I agree with you on every point Chris – it’s almost like the Government want this sector to fail!
sorry, but what did anyone honestly expect? when you tell people that they can’t work unless they have an injection that they don’t want, then they are left with no option than to leave. Surely this needs reporting properly and the elephant in the room needs to be debated? I am talking about the covid 19 injections ..You can’t coerce a workforce into having an injection, still in trials, and expect them to give in. So many people have left their jobs in the care sector because of this and we are not talking about it – why?
Or pay these off staff better or at least the same as supermarket staff.
It really is a world turned upside down. Would these be the same Directors who spent the past 15 years telling us we need to wean ourselves off from our profligacy and find “better value” by limiting care options? I think they might be you know. Shrilling on the coat-tails of provider companies is not finding an independent professional voice really is it?

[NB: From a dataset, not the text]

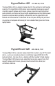 HyperStation QR Instructions 1. 1. Loosen both knobs 3. 3. Tighten base knob. 5. 5. Loosen small arm knobs and adjust the arms to desired length. 2. 2. While holding base, move stand into an upright position. 4. 4. Swing arms around to the front and tighten upper knob when arms are in the desired angle. 6. 6. Adjust back bumper to desired angle. Angle will control the amount the screen tilts back.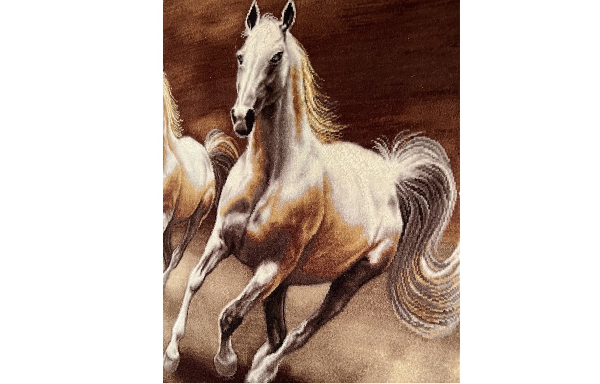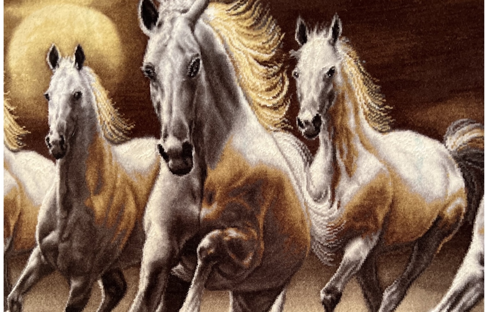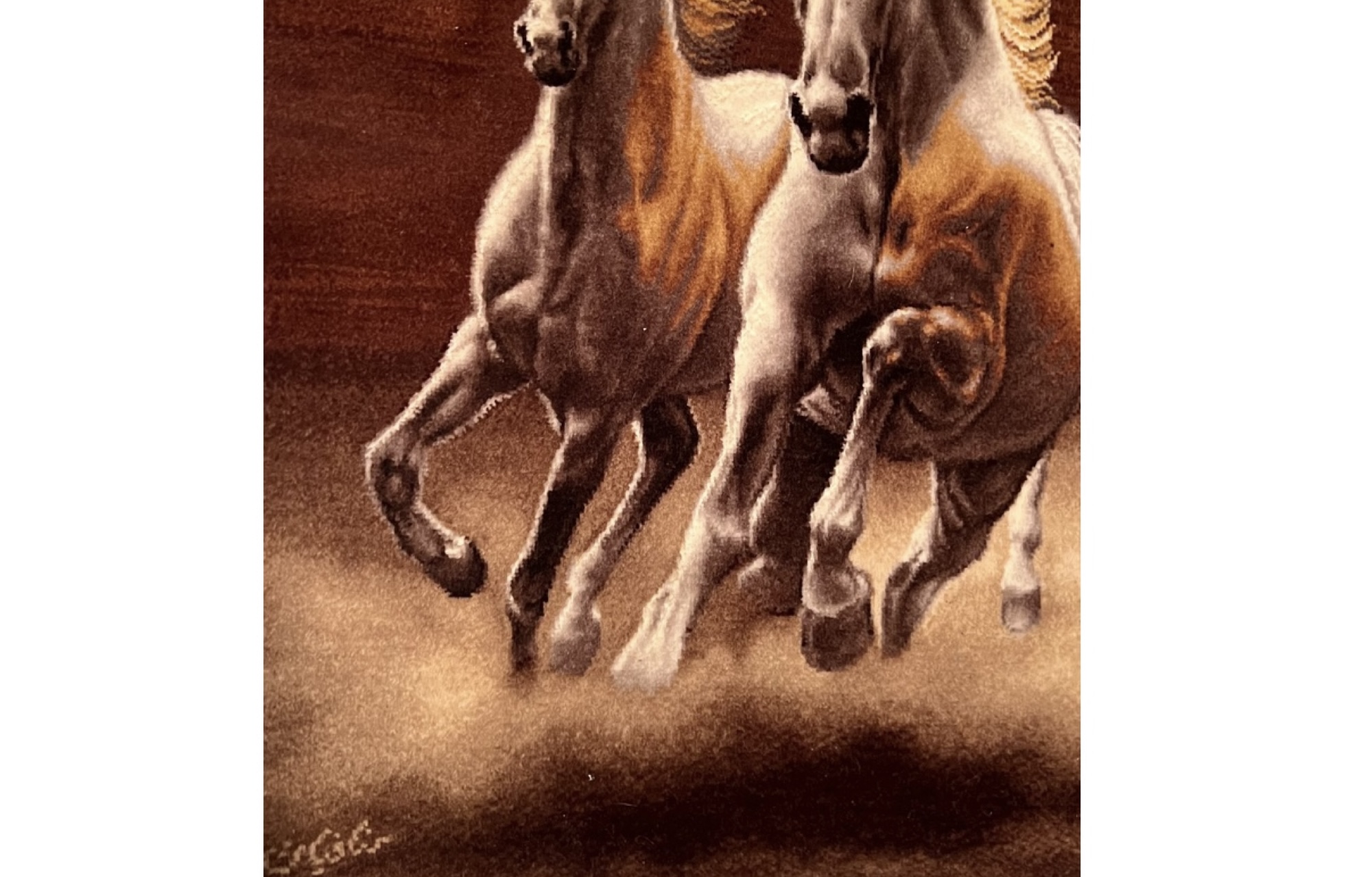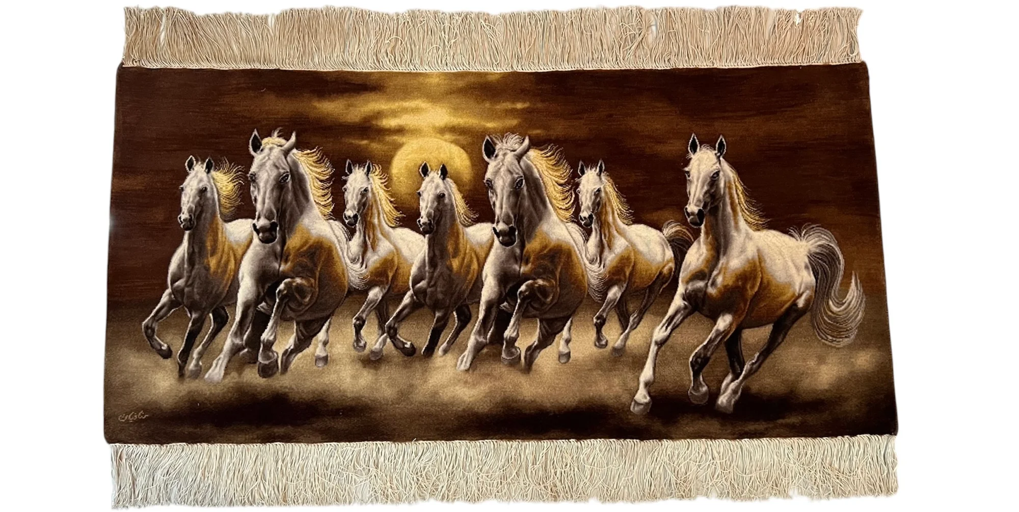 Hand-Knotted Persian Silk and Wool Wall Rug – Galloping Horses at Sunset 51” x 24″

I work as a support worker, I often suffer abuse from service user. I am made to use my car and insurance to assist service users. So that they might attend appointments with the doctors. The money I earn isn’t enough to cover my fuel to get to work as I pay £240 per month. I work long hours, which effect my family life. There is no balance with my children ad my sister sees my children more than I see them. I work 48 hours a week and spend 8 hours driving to and from work. I am constantly tired..I now wish to leave the care industry as I can get a lot more money without the responsibility of giveb medication , doing risk assessment . I have started to apply for jobs that are not in care. I believe that every career should be a register, however must we be charged. There is no charge for people who stack shelves. I feel that they make care far too hard. If a support worker lack sympathy no amount of QCF will ever be enough. Trust me I have seen managers with QCF 5 not having a clue how to talk to staff or service users. One always wondered as to how did they manage to get so high.
I believe everyone has the right to be treated with respect the same as you would like to be treated.
Kind regards
Take care Mellisa. Well said & thank you for such dedication. I can’t blame you looking elsewhere your children should be priority and care although rewarding at times can also be a thankless profession.

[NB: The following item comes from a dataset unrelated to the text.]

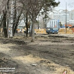 В Благовещенске приступили к благоустройству сквера за Благовещенским педуниверситетом. Подрядчик завершил демонтаж и перешёл к земляным работам: выполняет разбивку территории. После этого начнётся монтаж бортовых камней.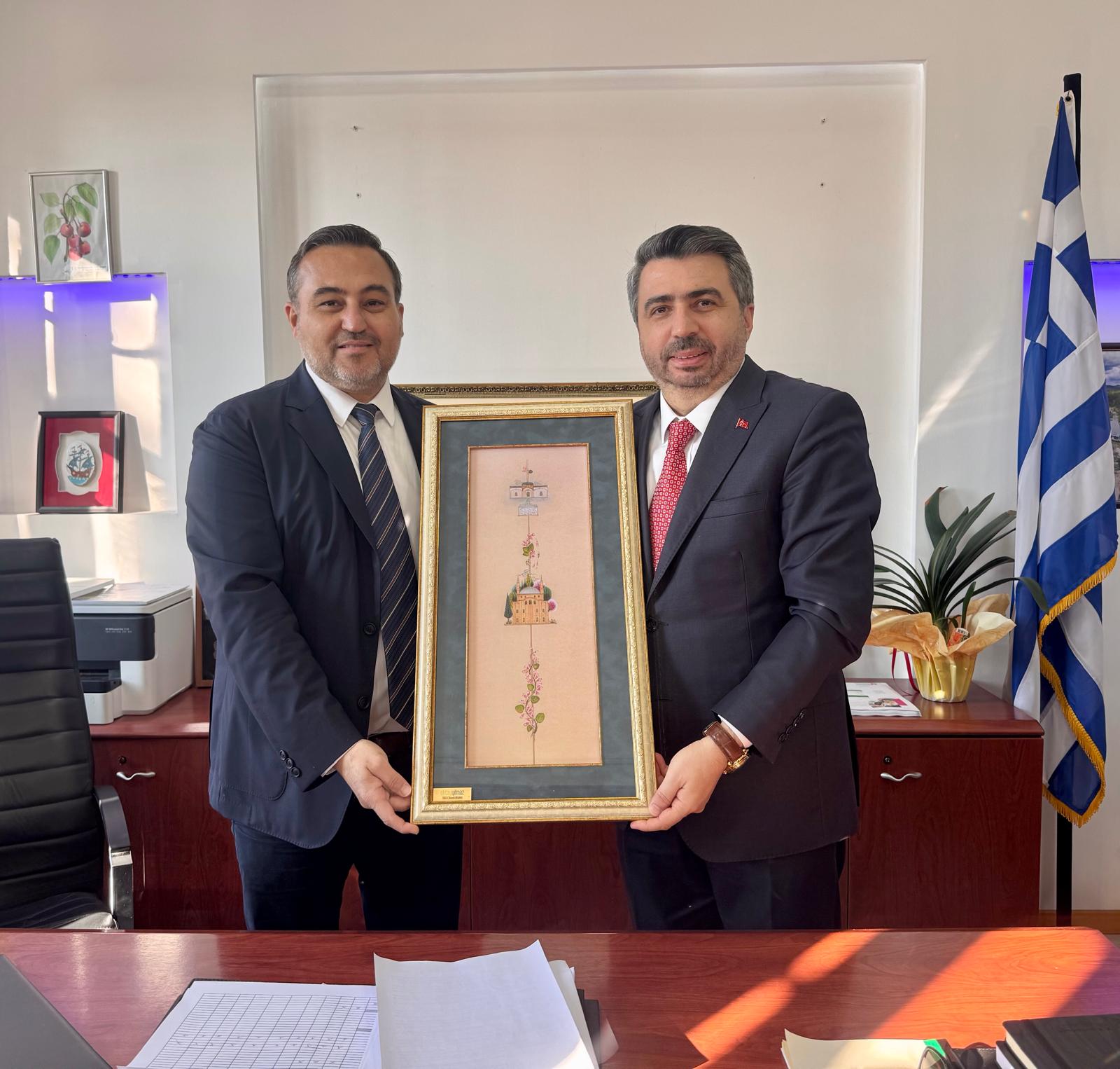 Batı Trakya temasları kapsamında Gümülcine Başkonsolosu Aykut Ünal ile makamında bir araya gelen Yıldırım Belediye Başkanı Oktay Yılmaz ve beraberindekiler, daha sonra Gümülcine Müftüsü İbrahim Şerif, Gümülcine Türk Gençler Birliği Başkanı Sedat Hasan’ın ziyaret etti. Temaslarına İskeçe’de devam eden heyet, İskeçe Müftüsü Mustafa Trampa ve Yassıköy Belediye Başkanı Caner İmam’ı ziyaret ettikten sonra Ketenlik’te iftar sofrasında soydaşlarla bir araya geldi. Her Ramazan ayında Batı Trakya’yı ziyaret ettiğini hatırlatan Yıldırım Belediye Başkanı Oktay Yılmaz, “Bizim Batı Trakya’yla gönül bağımız olduğu kadar, beşerî bağlarımız var. Yıldırım on binlerce Batı Trakyalı kardeşimize ev sahipliği yapıyor. Ailelerin bazı fertleri burada bazıları ise Yıldırım’da. Biz aynın ailenin mensuplarıyız. Siz burada ne kadar mutlu huzurlu olursanız, bizler Bursa’da o kadar rahat oluruz” diye konuştu.

I think Ruth Cartwright and Tahin are being harsh. Directors are the tools through whom Council Leaders control expenditure. I don’t beleive they have the autonomy some think they have so I am less cynical about their ability to act with good outcomes as the priority. We all do as we are told don’t we?

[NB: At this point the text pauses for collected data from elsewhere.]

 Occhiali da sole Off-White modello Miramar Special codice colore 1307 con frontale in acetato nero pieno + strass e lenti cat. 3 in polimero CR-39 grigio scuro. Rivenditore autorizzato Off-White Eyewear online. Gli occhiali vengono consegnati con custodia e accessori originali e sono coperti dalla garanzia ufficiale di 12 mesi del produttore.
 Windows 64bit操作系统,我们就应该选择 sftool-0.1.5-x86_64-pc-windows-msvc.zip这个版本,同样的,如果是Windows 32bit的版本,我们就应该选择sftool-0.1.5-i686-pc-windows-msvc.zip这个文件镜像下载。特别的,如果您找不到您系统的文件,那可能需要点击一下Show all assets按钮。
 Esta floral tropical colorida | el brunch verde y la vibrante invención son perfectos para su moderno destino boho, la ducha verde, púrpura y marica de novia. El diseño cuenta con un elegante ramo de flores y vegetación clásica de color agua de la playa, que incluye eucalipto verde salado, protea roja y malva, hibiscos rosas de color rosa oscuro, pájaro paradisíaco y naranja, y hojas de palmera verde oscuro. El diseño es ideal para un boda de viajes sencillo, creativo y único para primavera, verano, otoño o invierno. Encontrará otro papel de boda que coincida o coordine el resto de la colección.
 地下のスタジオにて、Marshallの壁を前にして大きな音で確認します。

The ADASS has proved, over many years, to be ineffective at securing adequate funding to support vulnerable people. Far to late in the day they are now speaking truth to power.
Here is a disturbing snap shot of what happens to monies paid by councils, the NHS or residents to residential and nursing homes.
It’s a BBC article titled “Care homes: Following the money trail”
Major error opening up social care to the private sector all those years ago.
“Repent at leisure” as they say.
ADASS, anything to say about HC-One receiving £18.9 million for infection control while siphoning off £4.8 million to their offshore fund as tax free profit? I recall, you were very loud in your advocay for care companies to get extra cash to buy a mop and bucket because they couldn’t afford to do it otherwise?
Apparently it wasn’t profit and no dividends were paid out. Rather it was a loan interest repayment. Which ofcourse had to be made through an offshore Cayman island account. ? just flew past, fancy that.
ADASS are just a buggins turn club. Stay silent until the wind settles then conform to whatever the prevailing ideology is. Repeat.
Rapidly deteriorating? Where has ADASS been for the past 11 years? Hold on, you weren’t waiting for permission from the provider companies to parott the ” we need more funding” mantra we’re you? Is that too cynical and unfair?